Saved data entries:
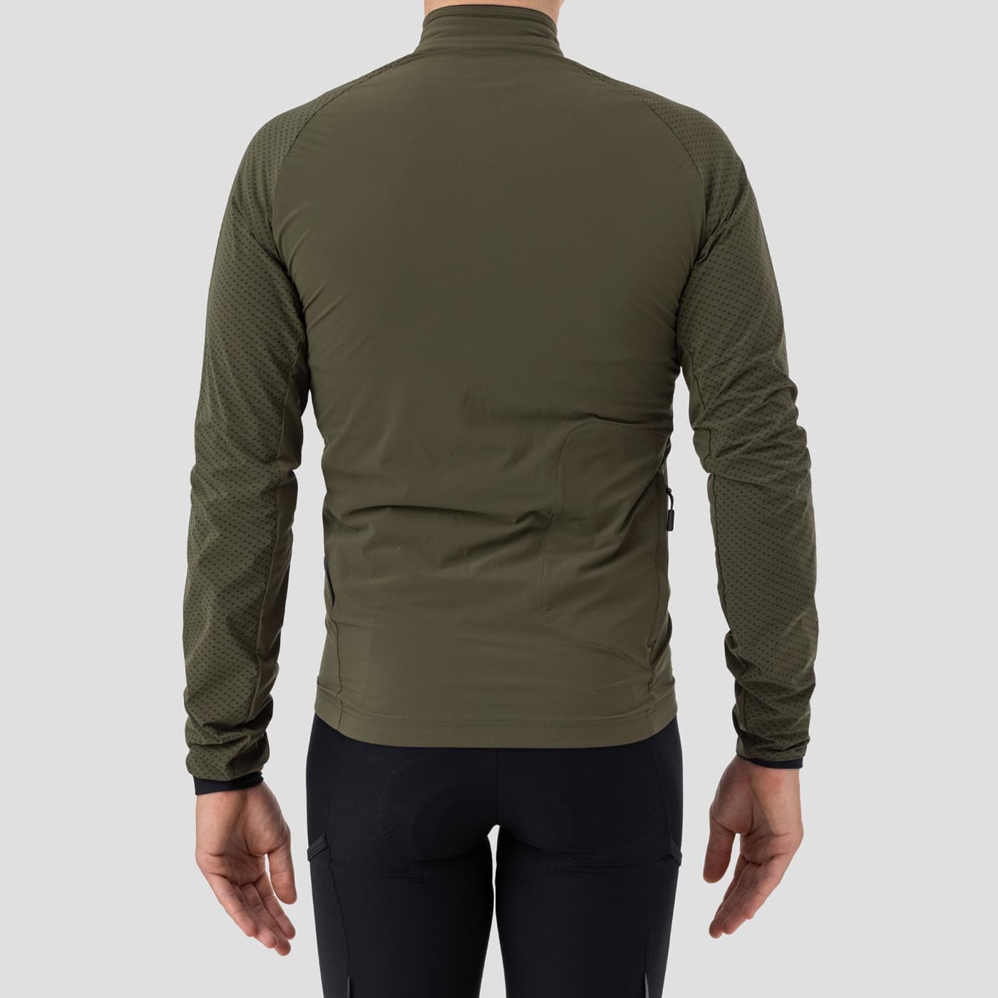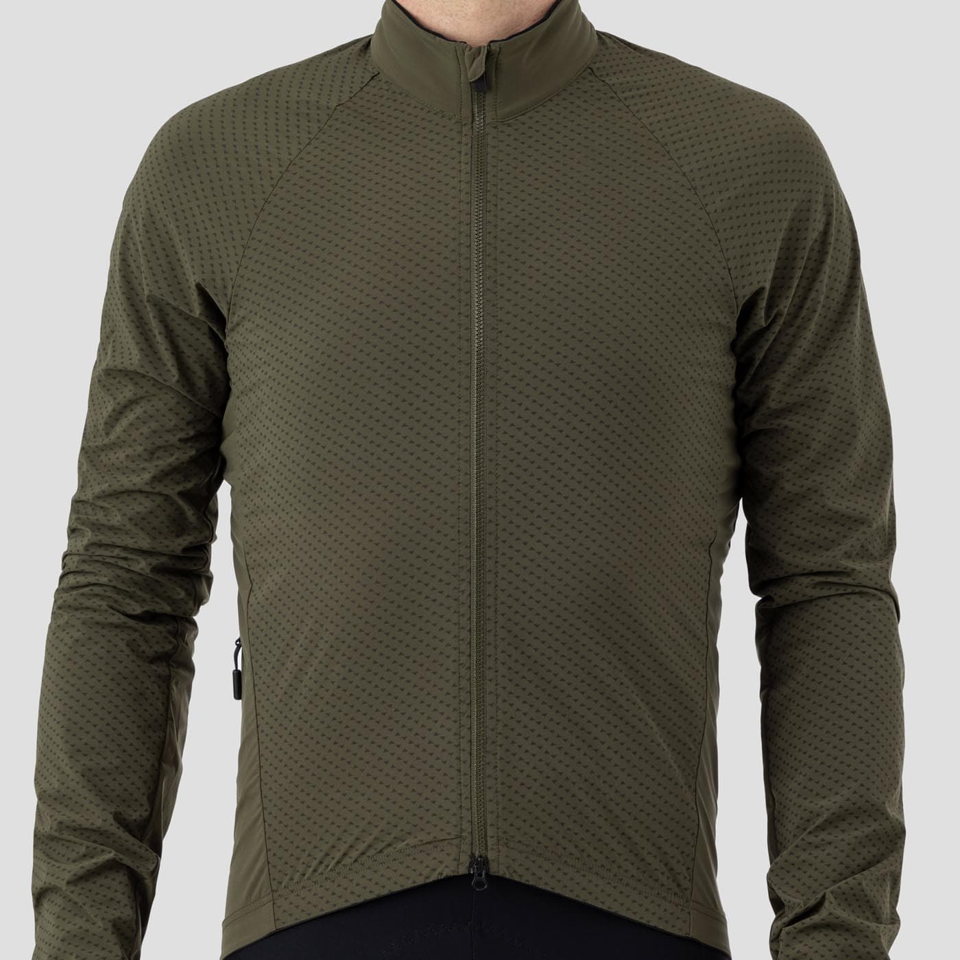 That’s not all, we designed a lofted pattern at key points to insulate, ensuring that you stay warm and dry. Speaking of dry, the fabric has a patented c0 PFAS-free DWR treatment that sheds moisture and dries fast. For its final magic trick - when not being worn, it neatly packs into its rear pocket and for stowage in a jersey pocket or strapped to your bike (see our Macgyver Strap).
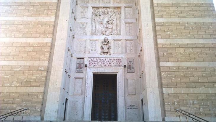 やはり、この地区で特徴的なのはムッソリーニによる都市計画が施されている点にあります。前回の記事でご紹介させて頂いた5大バシリカに数えられるサン・ピエトロ大聖堂とサン・パオロ・フォーリ・レ・ムーラ大聖堂が持つそれぞれの守護聖人を一緒にした教会サン・ピエトロとサン・パオロ教会(伊語:Basilica dei Santi Pietro e Paolo)もその一つとされています。
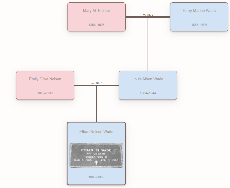 Jennie’s youngest brother, Harry Marion, was only seven or eight years old when his sister suddenly left this life. He would grow up, move westward and find love in Denison, Iowa. Harry would marry Mary in Denison in 1879, and have one son. Harry would not meet his grandson in this world, but his wife did. Ethan Nelson Wade fought in World War II. He never married, but what’s interesting is that all five of these individuals are buried in the Mount Pleasant Cemetery outside Seattle, Washington.
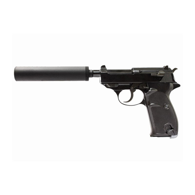 WE GBB plynová pistole Walther P38K (P010S) v krátkém provedení s tlumičem.
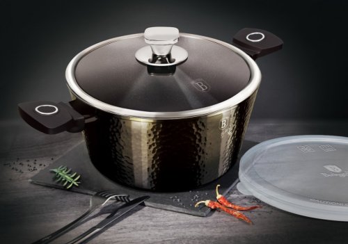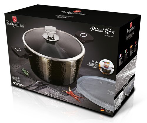 Středně velký kastrol s titanovým povrchem v unikátním designu Primal Gloss Collection. Součástí hrnců Primal Gloss jsou 2 poklice. Klasická skleněná poklička a navíc silikonové víko pro komfortnější užívání. Vnější tepaný vzhled kastrolu jistě zaujme každého hned na první pohled. Tepaný povrch je silnější a odolnější vůči poškození či deformaci, navíc vypadá opravdu výborně. Vnitřní vrstva je pokryta třívrstvým titanovým povrchem, který je charakteristický svou dokonalou nepřilnavostí. Připravované pokrmy se tak nepřipalují a díky tomu se kastrol velmi snadno čistí. Titanový povrch, stejně jako ostatní použité materiály, neobsahují žádné škodlivé látky, vaření je tak zcela zdravé a hygienické. Zesílené Turbo indukční dno z nerezové oceli je kompatibilní se všemi druhy sporáků a spolehlivě funguje také na indukci. Nespornou výhodou jsou také tepelně odolné rukojeti, které se při vaření nezahřívájí a zůstávájí stále chladné. Kastrol Primal Gloss je vhodný pro každodenní vaření, dušení i smažení, perfektně bude vypadat i při servírování hotových jídel přímo na váš stůl.

Required work
Your copy of the records must be exact and must contain no pictures.

The completed task
 That’s not all, we designed a lofted pattern at key points to insulate, ensuring that you stay warm and dry. Speaking of dry, the fabric has a patented c0 PFAS-free DWR treatment that sheds moisture and dries fast. For its final magic trick - when not being worn, it neatly packs into its rear pocket and for stowage in a jersey pocket or strapped to your bike (see our Macgyver Strap).
 やはり、この地区で特徴的なのはムッソリーニによる都市計画が施されている点にあります。前回の記事でご紹介させて頂いた5大バシリカに数えられるサン・ピエトロ大聖堂とサン・パオロ・フォーリ・レ・ムーラ大聖堂が持つそれぞれの守護聖人を一緒にした教会サン・ピエトロとサン・パオロ教会(伊語:Basilica dei Santi Pietro e Paolo)もその一つとされています。
 Jennie’s youngest brother, Harry Marion, was only seven or eight years old when his sister suddenly left this life. He would grow up, move westward and find love in Denison, Iowa. Harry would marry Mary in Denison in 1879, and have one son. Harry would not meet his grandson in this world, but his wife did. Ethan Nelson Wade fought in World War II. He never married, but what’s interesting is that all five of these individuals are buried in the Mount Pleasant Cemetery outside Seattle, Washington.
 WE GBB plynová pistole Walther P38K (P010S) v krátkém provedení s tlumičem.
 Středně velký kastrol s titanovým povrchem v unikátním designu Primal Gloss Collection. Součástí hrnců Primal Gloss jsou 2 poklice. Klasická skleněná poklička a navíc silikonové víko pro komfortnější užívání. Vnější tepaný vzhled kastrolu jistě zaujme každého hned na první pohled. Tepaný povrch je silnější a odolnější vůči poškození či deformaci, navíc vypadá opravdu výborně. Vnitřní vrstva je pokryta třívrstvým titanovým povrchem, který je charakteristický svou dokonalou nepřilnavostí. Připravované pokrmy se tak nepřipalují a díky tomu se kastrol velmi snadno čistí. Titanový povrch, stejně jako ostatní použité materiály, neobsahují žádné škodlivé látky, vaření je tak zcela zdravé a hygienické. Zesílené Turbo indukční dno z nerezové oceli je kompatibilní se všemi druhy sporáků a spolehlivě funguje také na indukci. Nespornou výhodou jsou také tepelně odolné rukojeti, které se při vaření nezahřívájí a zůstávájí stále chladné. Kastrol Primal Gloss je vhodný pro každodenní vaření, dušení i smažení, perfektně bude vypadat i při servírování hotových jídel přímo na váš stůl.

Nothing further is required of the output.